Records from a dataset:
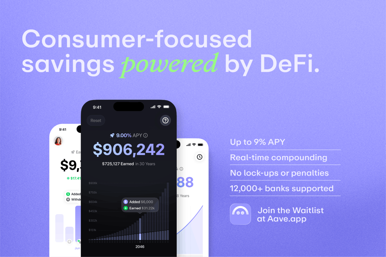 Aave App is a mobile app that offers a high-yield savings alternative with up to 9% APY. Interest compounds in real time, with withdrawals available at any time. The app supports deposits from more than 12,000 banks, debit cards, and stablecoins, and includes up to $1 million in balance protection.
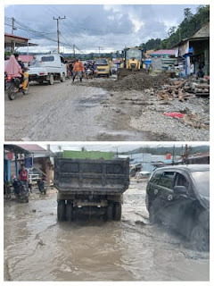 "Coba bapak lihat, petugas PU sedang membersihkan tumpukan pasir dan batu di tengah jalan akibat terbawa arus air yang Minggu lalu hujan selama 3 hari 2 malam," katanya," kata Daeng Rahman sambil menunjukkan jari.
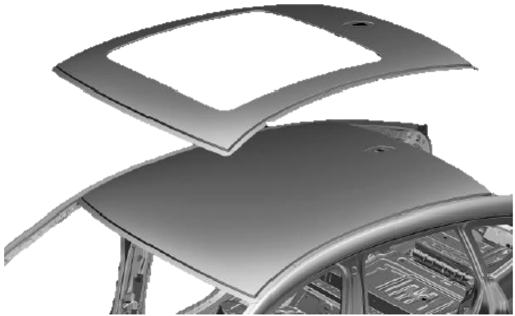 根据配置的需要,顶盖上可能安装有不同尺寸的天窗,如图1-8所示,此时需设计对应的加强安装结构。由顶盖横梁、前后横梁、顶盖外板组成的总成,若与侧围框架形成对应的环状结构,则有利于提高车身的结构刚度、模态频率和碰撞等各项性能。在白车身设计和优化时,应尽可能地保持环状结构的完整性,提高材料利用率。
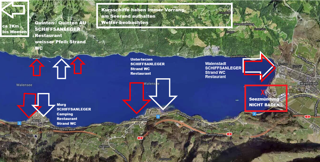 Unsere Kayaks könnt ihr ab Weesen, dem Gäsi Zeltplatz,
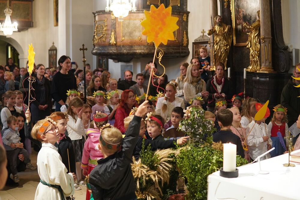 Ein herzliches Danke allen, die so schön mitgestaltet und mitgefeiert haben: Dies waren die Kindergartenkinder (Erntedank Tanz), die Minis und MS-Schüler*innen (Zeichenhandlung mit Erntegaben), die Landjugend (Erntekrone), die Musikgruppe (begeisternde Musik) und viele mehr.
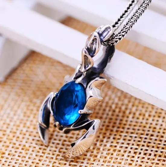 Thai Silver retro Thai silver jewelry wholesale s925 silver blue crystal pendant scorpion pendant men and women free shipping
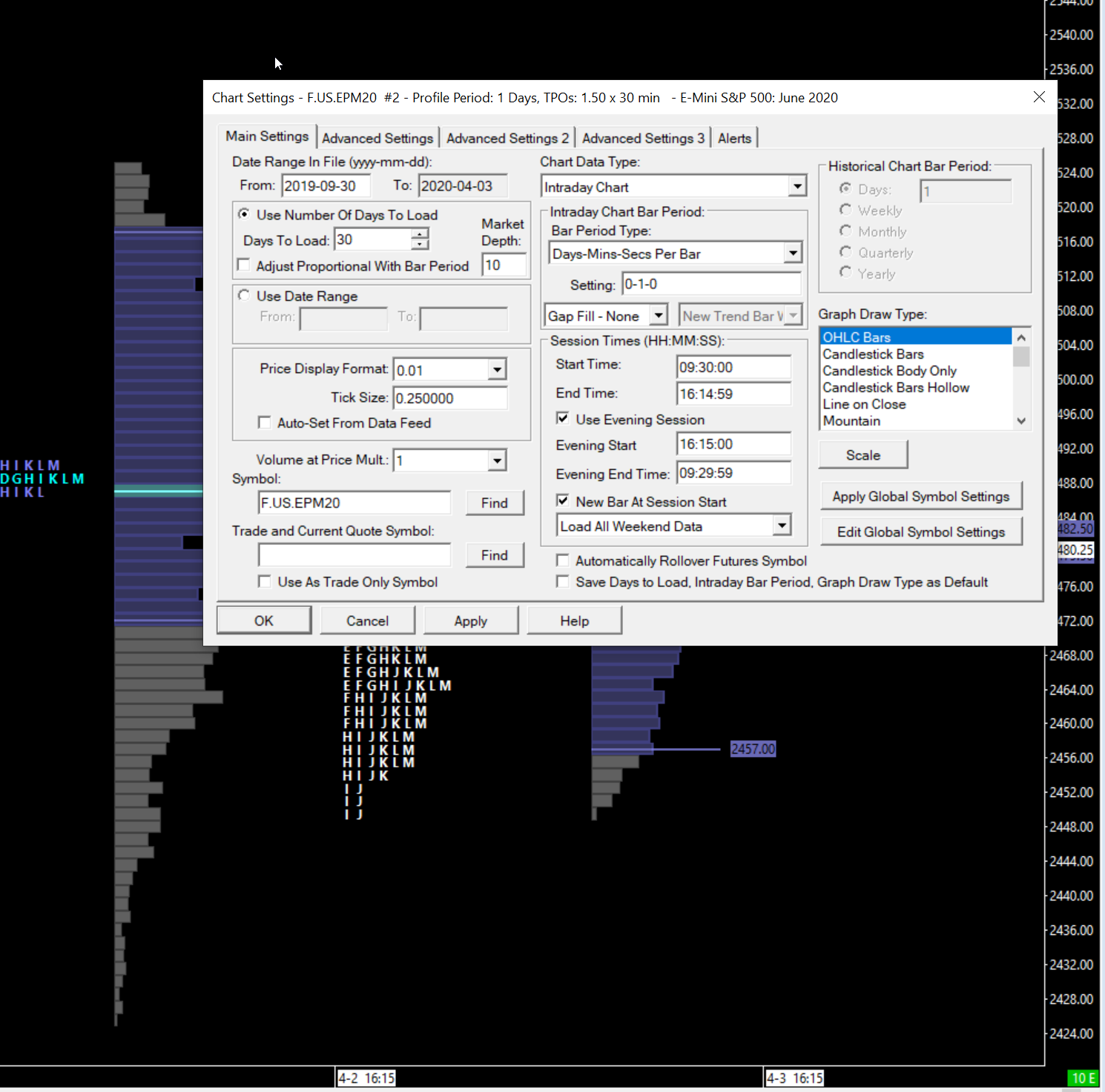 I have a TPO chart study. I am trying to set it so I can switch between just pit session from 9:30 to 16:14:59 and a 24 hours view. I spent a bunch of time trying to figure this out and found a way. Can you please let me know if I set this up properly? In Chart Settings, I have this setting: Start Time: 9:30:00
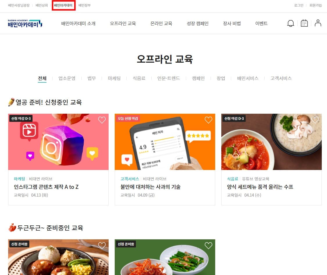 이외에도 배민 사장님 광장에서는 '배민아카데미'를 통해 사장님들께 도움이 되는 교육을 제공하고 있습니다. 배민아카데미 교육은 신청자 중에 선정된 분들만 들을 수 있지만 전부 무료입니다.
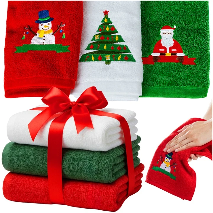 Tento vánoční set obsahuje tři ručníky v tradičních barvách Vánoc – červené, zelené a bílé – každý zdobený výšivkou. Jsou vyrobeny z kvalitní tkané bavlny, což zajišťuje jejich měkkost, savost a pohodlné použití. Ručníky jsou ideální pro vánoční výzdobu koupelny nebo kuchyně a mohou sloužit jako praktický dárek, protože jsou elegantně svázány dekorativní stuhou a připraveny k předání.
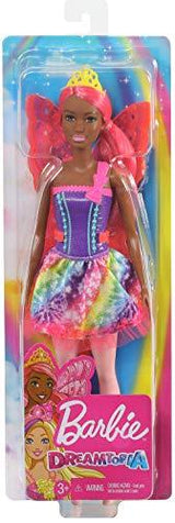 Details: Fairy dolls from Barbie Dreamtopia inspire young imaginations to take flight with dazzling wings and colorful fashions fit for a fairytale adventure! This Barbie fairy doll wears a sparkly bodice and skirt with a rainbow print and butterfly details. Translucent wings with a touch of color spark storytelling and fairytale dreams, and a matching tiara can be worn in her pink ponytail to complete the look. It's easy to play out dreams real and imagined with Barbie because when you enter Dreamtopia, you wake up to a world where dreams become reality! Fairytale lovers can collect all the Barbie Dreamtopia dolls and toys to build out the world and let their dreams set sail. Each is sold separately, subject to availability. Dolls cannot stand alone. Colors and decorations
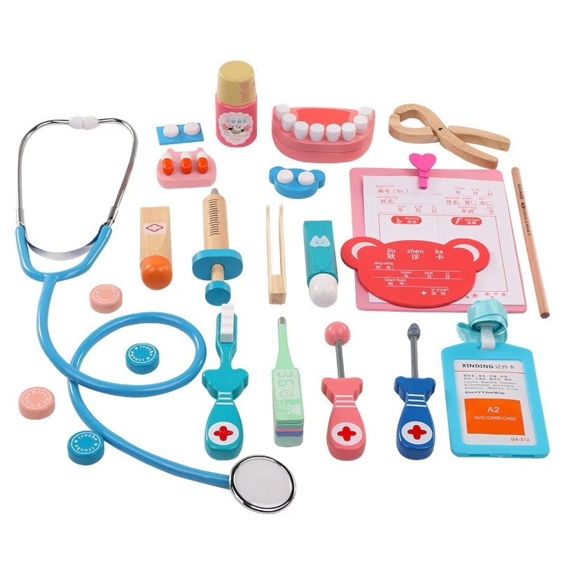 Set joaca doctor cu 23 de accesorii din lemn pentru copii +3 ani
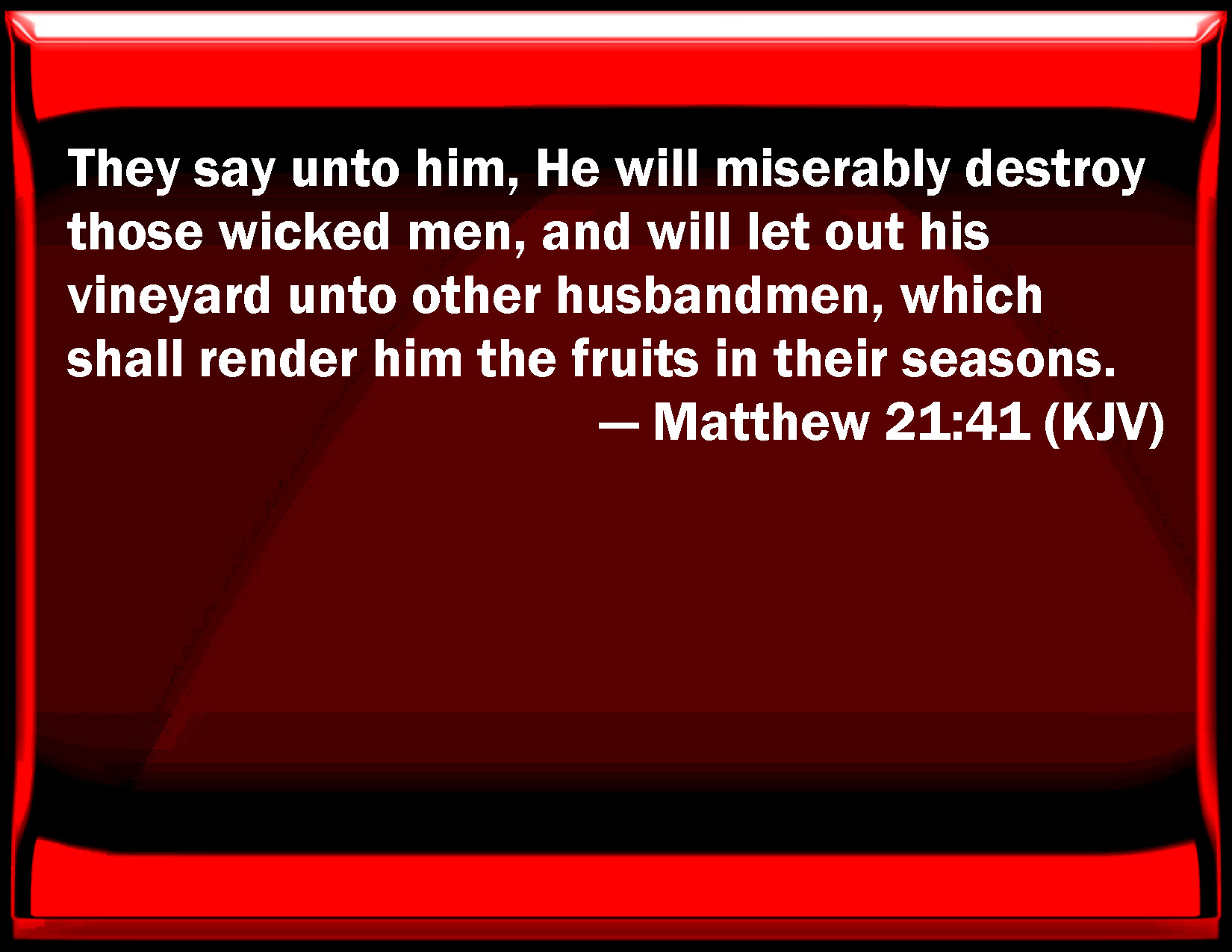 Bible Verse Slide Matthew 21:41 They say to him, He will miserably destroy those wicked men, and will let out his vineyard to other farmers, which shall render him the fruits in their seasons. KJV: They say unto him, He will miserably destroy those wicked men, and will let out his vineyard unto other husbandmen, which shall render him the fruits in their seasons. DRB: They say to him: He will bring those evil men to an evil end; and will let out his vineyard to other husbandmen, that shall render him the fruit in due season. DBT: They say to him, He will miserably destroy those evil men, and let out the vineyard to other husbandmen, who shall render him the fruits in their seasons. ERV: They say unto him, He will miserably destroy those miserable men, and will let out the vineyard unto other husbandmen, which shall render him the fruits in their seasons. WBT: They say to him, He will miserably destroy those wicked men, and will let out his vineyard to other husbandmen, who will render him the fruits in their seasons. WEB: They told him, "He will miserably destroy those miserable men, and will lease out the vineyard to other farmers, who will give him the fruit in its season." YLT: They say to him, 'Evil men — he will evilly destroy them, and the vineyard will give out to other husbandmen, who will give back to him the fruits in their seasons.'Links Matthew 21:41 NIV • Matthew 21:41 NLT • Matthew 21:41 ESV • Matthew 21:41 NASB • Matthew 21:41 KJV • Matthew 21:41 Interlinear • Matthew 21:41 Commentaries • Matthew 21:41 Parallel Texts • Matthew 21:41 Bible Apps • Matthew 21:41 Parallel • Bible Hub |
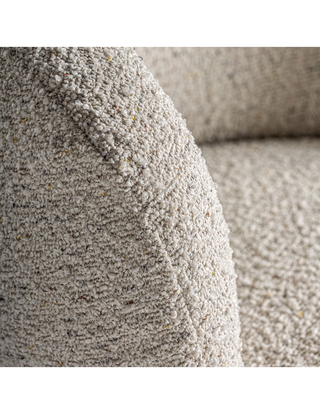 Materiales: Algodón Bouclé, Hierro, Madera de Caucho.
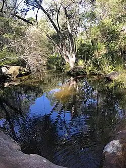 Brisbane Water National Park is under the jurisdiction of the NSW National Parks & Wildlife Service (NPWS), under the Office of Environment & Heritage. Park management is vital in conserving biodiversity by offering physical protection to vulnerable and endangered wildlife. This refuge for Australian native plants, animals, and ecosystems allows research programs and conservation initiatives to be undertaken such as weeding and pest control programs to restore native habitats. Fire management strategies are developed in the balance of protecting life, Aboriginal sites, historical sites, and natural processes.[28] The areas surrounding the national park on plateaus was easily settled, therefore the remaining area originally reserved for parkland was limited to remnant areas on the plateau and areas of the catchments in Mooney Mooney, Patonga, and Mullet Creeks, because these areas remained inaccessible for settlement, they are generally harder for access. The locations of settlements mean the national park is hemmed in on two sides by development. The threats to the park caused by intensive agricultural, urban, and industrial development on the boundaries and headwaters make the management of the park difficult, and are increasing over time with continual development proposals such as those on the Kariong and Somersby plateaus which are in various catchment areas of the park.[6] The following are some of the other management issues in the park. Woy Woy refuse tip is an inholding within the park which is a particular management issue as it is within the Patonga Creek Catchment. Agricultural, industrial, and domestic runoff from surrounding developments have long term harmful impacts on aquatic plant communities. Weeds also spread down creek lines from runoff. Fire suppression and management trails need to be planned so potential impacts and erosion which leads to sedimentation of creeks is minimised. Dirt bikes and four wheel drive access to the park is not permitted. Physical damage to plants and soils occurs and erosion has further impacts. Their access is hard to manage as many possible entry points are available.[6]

- [Prompt] In the copy, omit the pictures and reproduce every entry exactly.

- [Task response]
 Aave App is a mobile app that offers a high-yield savings alternative with up to 9% APY. Interest compounds in real time, with withdrawals available at any time. The app supports deposits from more than 12,000 banks, debit cards, and stablecoins, and includes up to $1 million in balance protection.
 "Coba bapak lihat, petugas PU sedang membersihkan tumpukan pasir dan batu di tengah jalan akibat terbawa arus air yang Minggu lalu hujan selama 3 hari 2 malam," katanya," kata Daeng Rahman sambil menunjukkan jari.
 根据配置的需要,顶盖上可能安装有不同尺寸的天窗,如图1-8所示,此时需设计对应的加强安装结构。由顶盖横梁、前后横梁、顶盖外板组成的总成,若与侧围框架形成对应的环状结构,则有利于提高车身的结构刚度、模态频率和碰撞等各项性能。在白车身设计和优化时,应尽可能地保持环状结构的完整性,提高材料利用率。
 Unsere Kayaks könnt ihr ab Weesen, dem Gäsi Zeltplatz,
 Ein herzliches Danke allen, die so schön mitgestaltet und mitgefeiert haben: Dies waren die Kindergartenkinder (Erntedank Tanz), die Minis und MS-Schüler*innen (Zeichenhandlung mit Erntegaben), die Landjugend (Erntekrone), die Musikgruppe (begeisternde Musik) und viele mehr.
 Thai Silver retro Thai silver jewelry wholesale s925 silver blue crystal pendant scorpion pendant men and women free shipping
 I have a TPO chart study. I am trying to set it so I can switch between just pit session from 9:30 to 16:14:59 and a 24 hours view. I spent a bunch of time trying to figure this out and found a way. Can you please let me know if I set this up properly? In Chart Settings, I have this setting: Start Time: 9:30:00
 이외에도 배민 사장님 광장에서는 '배민아카데미'를 통해 사장님들께 도움이 되는 교육을 제공하고 있습니다. 배민아카데미 교육은 신청자 중에 선정된 분들만 들을 수 있지만 전부 무료입니다.
 Tento vánoční set obsahuje tři ručníky v tradičních barvách Vánoc – červené, zelené a bílé – každý zdobený výšivkou. Jsou vyrobeny z kvalitní tkané bavlny, což zajišťuje jejich měkkost, savost a pohodlné použití. Ručníky jsou ideální pro vánoční výzdobu koupelny nebo kuchyně a mohou sloužit jako praktický dárek, protože jsou elegantně svázány dekorativní stuhou a připraveny k předání.
 Details: Fairy dolls from Barbie Dreamtopia inspire young imaginations to take flight with dazzling wings and colorful fashions fit for a fairytale adventure! This Barbie fairy doll wears a sparkly bodice and skirt with a rainbow print and butterfly details. Translucent wings with a touch of color spark storytelling and fairytale dreams, and a matching tiara can be worn in her pink ponytail to complete the look. It's easy to play out dreams real and imagined with Barbie because when you enter Dreamtopia, you wake up to a world where dreams become reality! Fairytale lovers can collect all the Barbie Dreamtopia dolls and toys to build out the world and let their dreams set sail. Each is sold separately, subject to availability. Dolls cannot stand alone. Colors and decorations
 Set joaca doctor cu 23 de accesorii din lemn pentru copii +3 ani
 Bible Verse Slide Matthew 21:41 They say to him, He will miserably destroy those wicked men, and will let out his vineyard to other farmers, which shall render him the fruits in their seasons. KJV: They say unto him, He will miserably destroy those wicked men, and will let out his vineyard unto other husbandmen, which shall render him the fruits in their seasons. DRB: They say to him: He will bring those evil men to an evil end; and will let out his vineyard to other husbandmen, that shall render him the fruit in due season. DBT: They say to him, He will miserably destroy those evil men, and let out the vineyard to other husbandmen, who shall render him the fruits in their seasons. ERV: They say unto him, He will miserably destroy those miserable men, and will let out the vineyard unto other husbandmen, which shall render him the fruits in their seasons. WBT: They say to him, He will miserably destroy those wicked men, and will let out his vineyard to other husbandmen, who will render him the fruits in their seasons. WEB: They told him, "He will miserably destroy those miserable men, and will lease out the vineyard to other farmers, who will give him the fruit in its season." YLT: They say to him, 'Evil men — he will evilly destroy them, and the vineyard will give out to other husbandmen, who will give back to him the fruits in their seasons.'Links Matthew 21:41 NIV • Matthew 21:41 NLT • Matthew 21:41 ESV • Matthew 21:41 NASB • Matthew 21:41 KJV • Matthew 21:41 Interlinear • Matthew 21:41 Commentaries • Matthew 21:41 Parallel Texts • Matthew 21:41 Bible Apps • Matthew 21:41 Parallel • Bible Hub |
 Materiales: Algodón Bouclé, Hierro, Madera de Caucho.
 Brisbane Water National Park is under the jurisdiction of the NSW National Parks & Wildlife Service (NPWS), under the Office of Environment & Heritage. Park management is vital in conserving biodiversity by offering physical protection to vulnerable and endangered wildlife. This refuge for Australian native plants, animals, and ecosystems allows research programs and conservation initiatives to be undertaken such as weeding and pest control programs to restore native habitats. Fire management strategies are developed in the balance of protecting life, Aboriginal sites, historical sites, and natural processes.[28] The areas surrounding the national park on plateaus was easily settled, therefore the remaining area originally reserved for parkland was limited to remnant areas on the plateau and areas of the catchments in Mooney Mooney, Patonga, and Mullet Creeks, because these areas remained inaccessible for settlement, they are generally harder for access. The locations of settlements mean the national park is hemmed in on two sides by development. The threats to the park caused by intensive agricultural, urban, and industrial development on the boundaries and headwaters make the management of the park difficult, and are increasing over time with continual development proposals such as those on the Kariong and Somersby plateaus which are in various catchment areas of the park.[6] The following are some of the other management issues in the park. Woy Woy refuse tip is an inholding within the park which is a particular management issue as it is within the Patonga Creek Catchment. Agricultural, industrial, and domestic runoff from surrounding developments have long term harmful impacts on aquatic plant communities. Weeds also spread down creek lines from runoff. Fire suppression and management trails need to be planned so potential impacts and erosion which leads to sedimentation of creeks is minimised. Dirt bikes and four wheel drive access to the park is not permitted. Physical damage to plants and soils occurs and erosion has further impacts. Their access is hard to manage as many possible entry points are available.[6]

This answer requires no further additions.